What we do
Risk and compliance management
Some clients approach us because IT is keeping them awake at night with worry. All modern businesses are dependent on IT, there are increasing cyber and security threats, and regulatory and other compliance issues. But the IT guys rarely speak the same English you do!
Cybersecurity risks are increasingly prevalent and we meet clients whose businesses have literally been brought to a standstill by online attacks. But risk and compliance management is a difficult area to get right and there is no end to the money you could spend on hardware, software and advice.
“We can present issues and options in business terms to allow the senior team to assess the real business risk, your own appetite for risk, and to decide what to do and put in place a plan.”
Frequently we work with companies where the internal IT team are frustrated by what they see as management inaction, because the IT managers are unable to explain the issues to the Board in language they understand and to distinguish between real business threats and nice-to-have’s.
Compliance and risk issues can be extremely complex and people who don’t have an IT background typically don’t have enough time to fully understand the details and make an assessment of what is sensible and what is not. We are unique because one of our Principals can get involved in every aspect of your IT from servers and infrastructure to bespoke software, can understand your business, the demands of your sector, your processes and data, your client and supplier contracts. We can present issues and options in business terms to allow the senior team to assess the real business risk, your own appetite for risk, and to decide what to do and put in place a plan.

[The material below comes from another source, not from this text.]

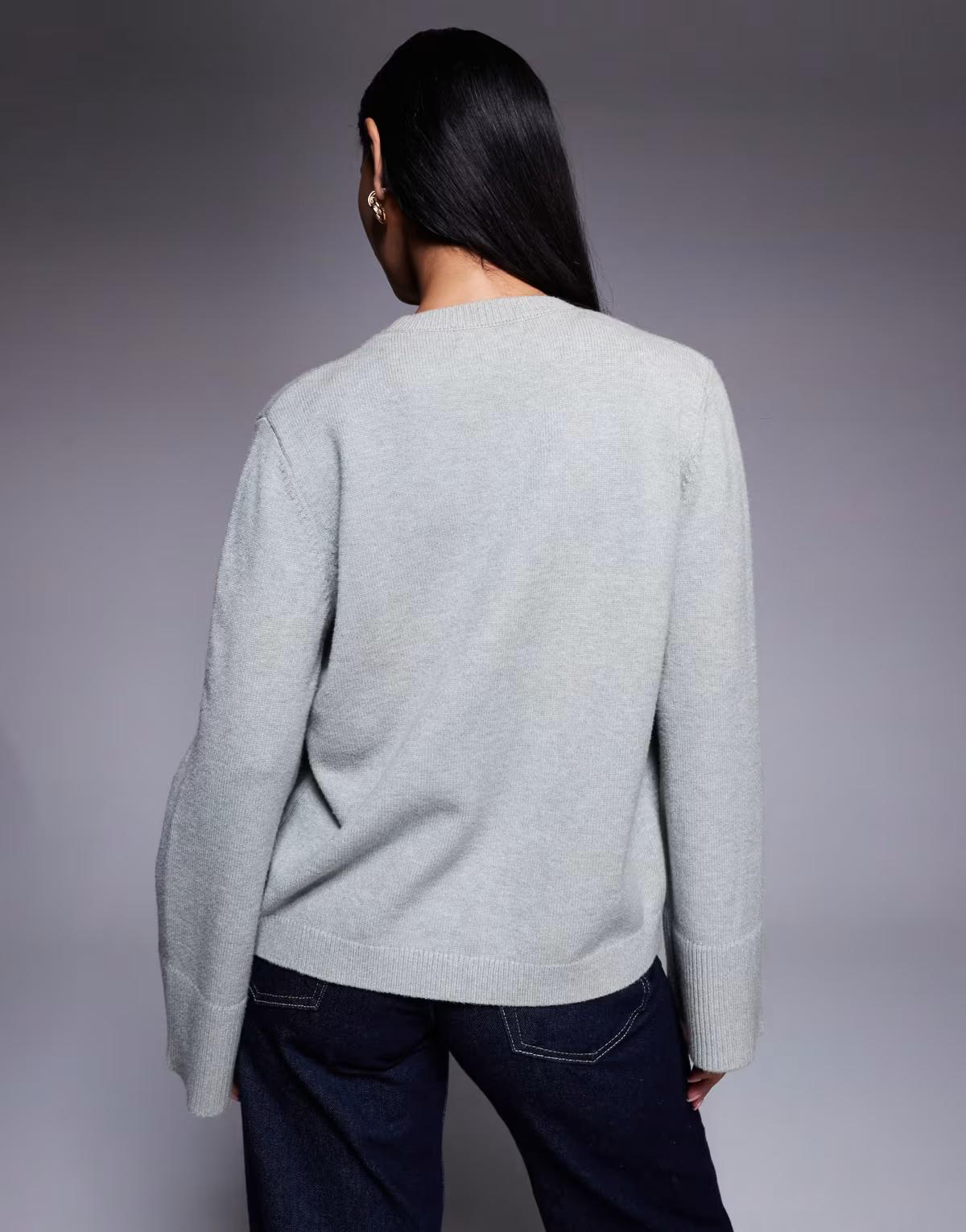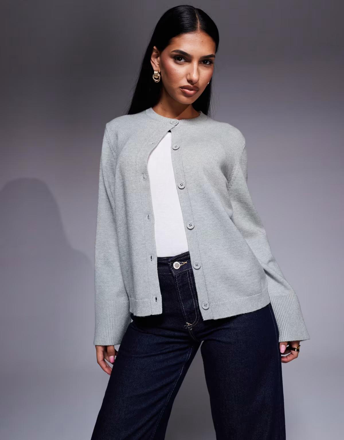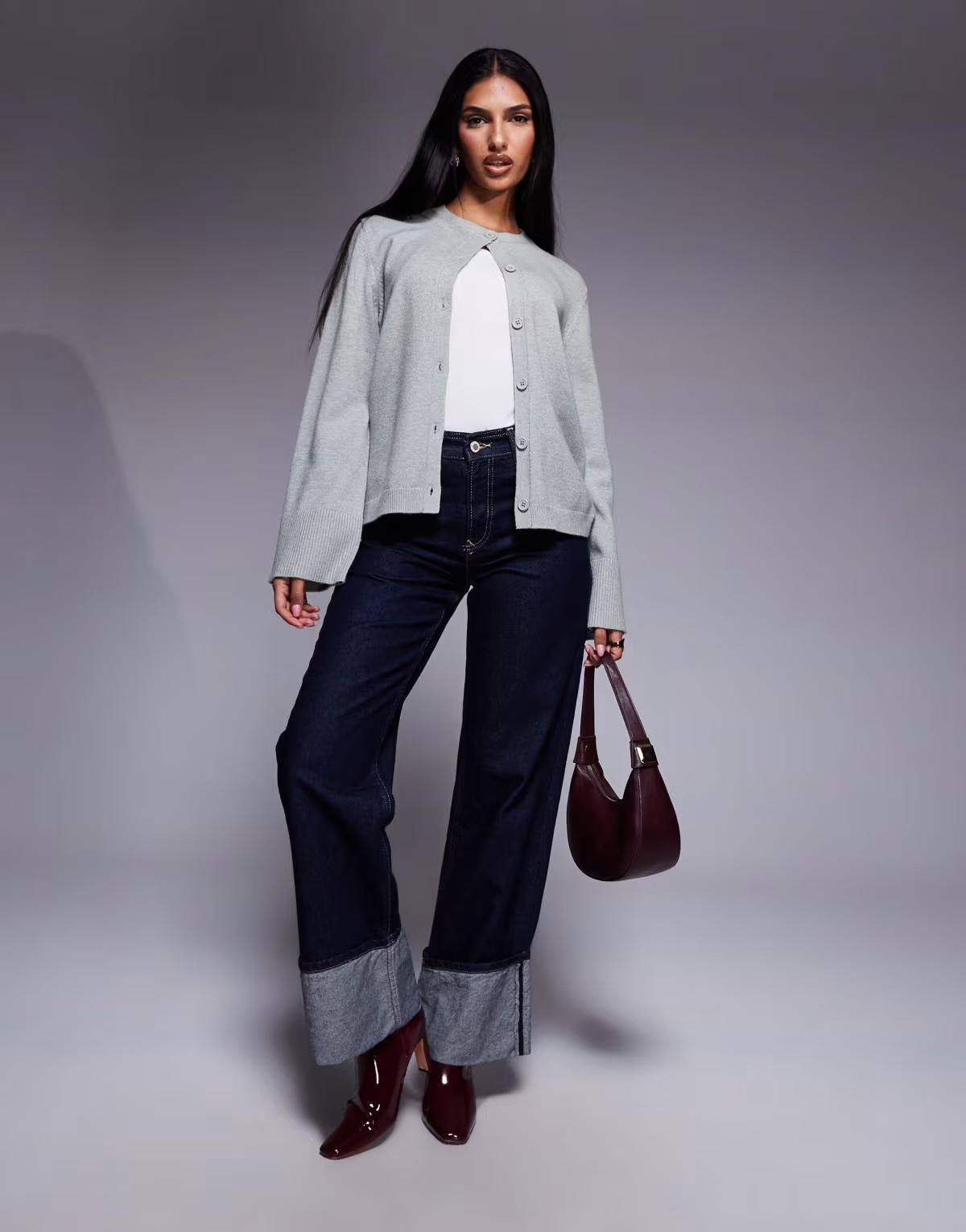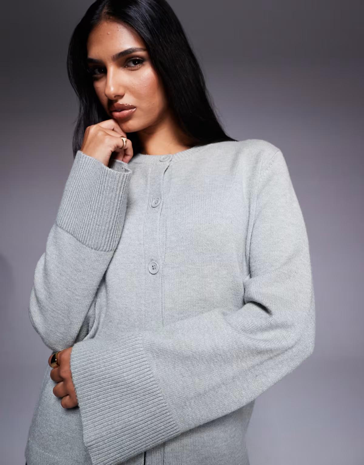 Aria Cove ribbed deep wide cuff cardigan in light grey marl

All our Principals have wide experience of common regulations and expected practice and where we need to we have excellent links to experts in legal issues and specific technical risks areas.
We also frequently help clients with business continuity planning so that they have well thought out and rehearsed plans in case the worst does happen. Again, companies of different sizes and in different sectors need very different plans. Our clients include 24/7 critical service providers who need to ensure continuity in every circumstance, but we also have clients who are smaller consultancies looking for simple solutions based on home-working.
Our clients also include high-profile online services who are subject to sustained cyberattack, but also traditional companies who simply need up to date antivirus and sensible ways of working.